A sweep of context_window_length from 64 to 2048 was all within run-to-run jitter (runs 17, 21-24). Short inputs don’t care.

The big win was dropping MoE top-k from 4 to 3. It’s a classifier, not a generator, so you don’t really need the full expert mixture on every token — top-3 covered basically the same ground, and the recall on the fixtures stayed in the same band. Combined with MPS + argmax decoding + overlap discard + low-precision attention, the TOOL_ARG p50 went from ~190 ms to ~136 ms. Stack torch.compile on top of that and the cost per call starts to genuinely disappear.

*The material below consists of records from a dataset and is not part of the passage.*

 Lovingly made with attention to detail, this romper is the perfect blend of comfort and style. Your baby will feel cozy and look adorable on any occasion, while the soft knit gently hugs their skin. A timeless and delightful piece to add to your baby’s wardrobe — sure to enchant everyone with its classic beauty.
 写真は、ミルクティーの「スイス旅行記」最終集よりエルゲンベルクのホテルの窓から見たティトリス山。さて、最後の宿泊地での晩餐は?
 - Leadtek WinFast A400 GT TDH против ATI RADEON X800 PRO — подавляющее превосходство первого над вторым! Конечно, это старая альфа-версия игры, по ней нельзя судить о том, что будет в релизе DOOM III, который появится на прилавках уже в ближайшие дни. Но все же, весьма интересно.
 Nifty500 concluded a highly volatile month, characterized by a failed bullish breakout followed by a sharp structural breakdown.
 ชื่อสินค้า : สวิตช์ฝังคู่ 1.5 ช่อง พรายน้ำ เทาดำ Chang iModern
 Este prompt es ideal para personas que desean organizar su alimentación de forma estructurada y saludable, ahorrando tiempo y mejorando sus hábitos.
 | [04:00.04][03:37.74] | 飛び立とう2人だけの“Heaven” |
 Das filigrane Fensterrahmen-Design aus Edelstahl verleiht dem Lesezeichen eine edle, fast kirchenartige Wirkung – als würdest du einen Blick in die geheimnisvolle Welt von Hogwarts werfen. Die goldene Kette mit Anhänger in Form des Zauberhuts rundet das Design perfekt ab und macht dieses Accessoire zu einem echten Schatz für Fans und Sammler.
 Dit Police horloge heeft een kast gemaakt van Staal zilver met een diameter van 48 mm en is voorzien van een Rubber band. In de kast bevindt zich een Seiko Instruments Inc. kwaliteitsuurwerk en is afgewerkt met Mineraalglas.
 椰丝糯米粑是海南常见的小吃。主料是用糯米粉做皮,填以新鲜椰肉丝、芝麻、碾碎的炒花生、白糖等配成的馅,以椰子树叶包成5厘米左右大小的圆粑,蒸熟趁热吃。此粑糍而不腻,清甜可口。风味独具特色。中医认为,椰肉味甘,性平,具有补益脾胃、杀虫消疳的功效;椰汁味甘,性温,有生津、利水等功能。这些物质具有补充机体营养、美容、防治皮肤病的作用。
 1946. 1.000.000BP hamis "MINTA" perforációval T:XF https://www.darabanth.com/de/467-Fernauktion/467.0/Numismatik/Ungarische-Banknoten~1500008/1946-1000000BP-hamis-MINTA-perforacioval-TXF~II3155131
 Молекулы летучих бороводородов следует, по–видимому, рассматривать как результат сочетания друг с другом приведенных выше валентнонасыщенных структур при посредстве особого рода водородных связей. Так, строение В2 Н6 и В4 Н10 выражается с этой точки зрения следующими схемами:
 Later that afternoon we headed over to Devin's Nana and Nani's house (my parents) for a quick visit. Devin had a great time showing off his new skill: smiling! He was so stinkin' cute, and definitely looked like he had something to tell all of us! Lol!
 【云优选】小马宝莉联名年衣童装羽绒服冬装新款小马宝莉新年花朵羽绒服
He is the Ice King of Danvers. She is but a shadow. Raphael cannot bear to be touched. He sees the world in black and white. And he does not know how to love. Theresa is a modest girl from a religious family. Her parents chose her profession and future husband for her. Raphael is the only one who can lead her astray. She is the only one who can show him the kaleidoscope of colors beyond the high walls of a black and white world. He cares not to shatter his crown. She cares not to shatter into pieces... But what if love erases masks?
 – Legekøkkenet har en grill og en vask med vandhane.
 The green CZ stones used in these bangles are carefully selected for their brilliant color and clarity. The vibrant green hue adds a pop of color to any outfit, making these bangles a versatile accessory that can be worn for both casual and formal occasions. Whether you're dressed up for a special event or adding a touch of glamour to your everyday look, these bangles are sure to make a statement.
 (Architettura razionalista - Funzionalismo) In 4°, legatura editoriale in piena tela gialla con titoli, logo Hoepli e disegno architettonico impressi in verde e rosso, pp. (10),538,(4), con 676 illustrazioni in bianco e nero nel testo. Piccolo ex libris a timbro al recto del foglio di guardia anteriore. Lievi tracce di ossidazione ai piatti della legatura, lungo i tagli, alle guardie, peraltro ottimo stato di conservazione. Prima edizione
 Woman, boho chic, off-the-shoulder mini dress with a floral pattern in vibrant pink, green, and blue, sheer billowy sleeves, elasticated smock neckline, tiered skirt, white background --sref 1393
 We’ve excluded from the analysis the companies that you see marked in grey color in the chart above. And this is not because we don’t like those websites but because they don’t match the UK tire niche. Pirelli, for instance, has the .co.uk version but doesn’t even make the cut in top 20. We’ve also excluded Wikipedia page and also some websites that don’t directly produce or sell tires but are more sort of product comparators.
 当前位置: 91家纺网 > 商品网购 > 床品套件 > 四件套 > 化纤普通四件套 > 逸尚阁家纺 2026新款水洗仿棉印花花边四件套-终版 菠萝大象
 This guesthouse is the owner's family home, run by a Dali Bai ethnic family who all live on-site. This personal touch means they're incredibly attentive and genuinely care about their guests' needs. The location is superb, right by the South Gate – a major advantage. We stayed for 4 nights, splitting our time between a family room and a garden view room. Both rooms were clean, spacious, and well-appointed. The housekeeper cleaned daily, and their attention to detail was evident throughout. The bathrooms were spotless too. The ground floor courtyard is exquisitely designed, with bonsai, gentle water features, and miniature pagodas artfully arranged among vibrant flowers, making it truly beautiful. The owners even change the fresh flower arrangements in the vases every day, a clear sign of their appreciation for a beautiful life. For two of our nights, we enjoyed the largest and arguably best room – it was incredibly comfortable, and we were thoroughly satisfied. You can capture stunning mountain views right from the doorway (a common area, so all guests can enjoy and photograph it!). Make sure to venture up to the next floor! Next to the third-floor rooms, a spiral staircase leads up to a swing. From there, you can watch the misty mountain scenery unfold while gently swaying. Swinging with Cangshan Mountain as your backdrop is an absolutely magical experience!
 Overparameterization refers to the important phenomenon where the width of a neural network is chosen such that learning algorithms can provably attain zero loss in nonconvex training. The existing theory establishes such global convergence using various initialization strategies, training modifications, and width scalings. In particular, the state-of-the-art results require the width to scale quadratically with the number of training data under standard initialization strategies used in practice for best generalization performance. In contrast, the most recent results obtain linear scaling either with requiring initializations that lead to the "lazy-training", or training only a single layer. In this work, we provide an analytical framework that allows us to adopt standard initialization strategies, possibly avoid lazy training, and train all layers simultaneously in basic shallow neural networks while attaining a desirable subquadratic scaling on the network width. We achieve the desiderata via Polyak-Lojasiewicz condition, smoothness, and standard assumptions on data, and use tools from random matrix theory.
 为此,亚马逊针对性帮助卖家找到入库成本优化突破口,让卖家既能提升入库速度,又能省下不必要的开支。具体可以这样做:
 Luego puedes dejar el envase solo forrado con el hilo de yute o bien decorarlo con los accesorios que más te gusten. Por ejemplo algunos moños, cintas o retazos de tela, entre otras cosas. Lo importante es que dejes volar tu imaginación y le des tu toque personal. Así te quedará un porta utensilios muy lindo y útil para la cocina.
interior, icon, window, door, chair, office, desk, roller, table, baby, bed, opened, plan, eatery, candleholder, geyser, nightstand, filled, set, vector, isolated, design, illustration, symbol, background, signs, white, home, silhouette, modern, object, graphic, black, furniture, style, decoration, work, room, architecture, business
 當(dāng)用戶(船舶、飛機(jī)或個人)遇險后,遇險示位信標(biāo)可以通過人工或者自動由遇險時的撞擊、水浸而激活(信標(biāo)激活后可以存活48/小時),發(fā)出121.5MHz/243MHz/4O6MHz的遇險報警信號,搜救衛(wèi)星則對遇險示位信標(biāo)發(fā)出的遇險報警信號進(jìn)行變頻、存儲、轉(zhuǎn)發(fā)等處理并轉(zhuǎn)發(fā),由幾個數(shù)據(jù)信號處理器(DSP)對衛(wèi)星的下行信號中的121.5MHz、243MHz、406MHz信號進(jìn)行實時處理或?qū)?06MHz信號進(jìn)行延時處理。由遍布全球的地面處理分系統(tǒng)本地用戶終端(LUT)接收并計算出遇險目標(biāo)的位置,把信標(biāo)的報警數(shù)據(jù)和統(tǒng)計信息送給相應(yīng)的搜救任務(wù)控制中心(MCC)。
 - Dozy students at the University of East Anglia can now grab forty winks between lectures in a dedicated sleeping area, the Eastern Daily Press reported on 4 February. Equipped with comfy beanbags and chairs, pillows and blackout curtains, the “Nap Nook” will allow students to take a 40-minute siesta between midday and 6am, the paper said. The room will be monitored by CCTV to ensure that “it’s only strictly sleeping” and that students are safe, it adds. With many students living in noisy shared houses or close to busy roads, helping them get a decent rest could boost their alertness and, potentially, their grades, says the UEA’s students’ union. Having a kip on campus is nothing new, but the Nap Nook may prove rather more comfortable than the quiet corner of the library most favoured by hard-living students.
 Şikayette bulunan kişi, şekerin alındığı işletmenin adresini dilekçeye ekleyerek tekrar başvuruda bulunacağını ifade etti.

I wouldn’t have found the top-k knob on my own. I’d have tried MPS, maybe one more thing, called it a day. Having the loop running in the background (“come back in an hour, see which candidates were kept”) is a genuinely different way to optimize.

Where this leaves me

Running OPF on every agent turn, on a laptop CPU, is not happening. A typical turn (1 MODEL_REQ + ~2 TOOL_ARG + ~2 TOOL_RES) burns ~29 seconds of filter time on eager CPU, ~22 seconds with torch.compile. You can’t put that on a user and call it shipped.

But when I look at it by boundary, the story’s different:

TOOL_ARG is the one I’m most excited about. Small inputs, ~35 tokens, ~73 ms with torch.compile, ~136 ms without on the tuned MPS config. Catching a bearer token the model hallucinated into a bash or web_fetch arg before the call happens — for a latency that’s lost in the noise of the network round-trip anyway — is a real win.
HOST_BCAST is fine too. ~500 ms for display-layer redaction on a batched update is not something a user will notice.
TOOL_RES is the one with a sharp edge. ~300 ms on a 500-token result is OK, ~13 seconds on a 10 KB file is not. The answer is probably bounding result size before filtering, or running a cheap regex/entropy pre-pass and only invoking OPF on suspicious spans.
MODEL_REQ I’m going to treat as GPU-only for now. If you’re doing (1), (2), and (3) right, the history going to the provider is already mostly clean — the outbound sweep is belt-and-suspenders, not the primary line of defence.

Next things on the list are batching (the filter is independent across inputs, so a turn with three tool calls and one Read should be one batched call, not four serial ones), and running in shadow mode for a week before turning on redaction — the recall varied from 0.25 to 1.0 across the fixtures, and that’s just a wiring check, not an eval. I’d like real numbers from real traffic before I start dropping spans.

If you’re doing something similar and want to skip a few days of figuring out where the cliff is, the summary is: measure at each boundary separately, the backend matters most where you think it matters least, and let an autoresearch loop try the knobs you wouldn’t have thought to try.